Maybe I could lead an equity workshop if the outcome was a practical instructional framework and set of tools that prepared students to not just play the game, but to slay the game. I want to use my life as an example of the problem here. My education was successful on the first level of Tangible Equity, because I am blessed to have a demographics-defying story. I grew up on free and reduced lunch in Brooklyn, New York as a child of immigrants in a single-parent home with a father incarcerated for selling drugs. And I “made it” by getting into NYC’s gifted and talented program, attending one of NYC’s top specialized high schools, graduating with my computer science degree from Syracuse University, teaching, graduating top of my law school class, getting the big law firm job, founding this organization thinkLaw that is working with schools all over the country, and selling over 20,000 copies of my first book, Thinking Like a Lawyer: A Framework for Teaching Critical Thinking to All Students.
But so much of me “making it” was about me learning all the things and doing all the things necessary to successfully navigate an unjust system. I get that this is the way it is. But this is not the way it ought to be. If all we focused on was playing the game, we have to ask, “at what cost?” Scholar-activist and education leader Charles Cole III’s addresses this in his book, Beyond Grit and Resilience: How Black Men Impacted by the Crack Epidemic Succeeded Against the Odds and Obtained Doctoral Degrees, where he coins the jaw-dropping term “The Black Achievement Trauma Tax.” I “made it,” but I also paid this tax. I started going bald in my early twenties, I struggle with prostate and high blood pressure issues, deal with deep levels of imposter syndrome and irrational fears that my success can instantly be snatched away, and grapple with strained family and personal relationships.
Academic success matters. So does building instructional models that give students frequent opportunities to go beyond analyzing the world as it is and push them to question what the world ought to be. It would inflict massive harm on students if we did not give the tools needed to successfully navigate our systems. But if we do not also give them the tools to question and dismantle the unjust elements of these systems, the work is not enough.
This is why I wrote Tangible Equity. I wanted to help educators, school and system leaders see why it was so important to shift from a conversation to something more concrete.
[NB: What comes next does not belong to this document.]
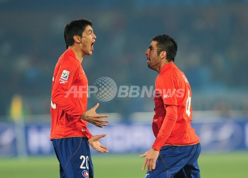 チリは2点を失った直後にマルコ・エストラーダ(Marco Estrada)が2枚目のイエローカードで退場し、10人となったが、後半2分にロドリゴ・ミジャール(Rodrigo Millar)の得点で1点を返した。(c)AFP

Tangible Equity obsesses with the “how” by providing several systemic approaches all stakeholders in our school systems can use to eliminate inequities by prioritizing issues within their individual scope of power and authority.
This book also lays out the five philosophical shifts necessary for school systems to adopt a Tangible Equity culture, such as moving the conversation from closing achievement gaps to shattering achievement ceilings. And lastly, but most importantly, Tangible Equity provides practical, easy-to-implement frameworks teachers can seamlessly integrate into their existing curriculum to deepen learning relationships, accelerate learning outcomes and hold up a mirror to our students so they can see their own power.
It is my hope that this book helps educators, school and system leaders overcome the “one more thing” syndrome that often plagues new initiatives, including equity efforts. Because you should not have an equity plan, anyhow. Equity needs to be the lens used to plan for everything. Please let the Tangible Equity approach guide the vision of your equity lens and translate your plans into reality. A reality where students will successfully play the game and have all the tools necessary to slay the game.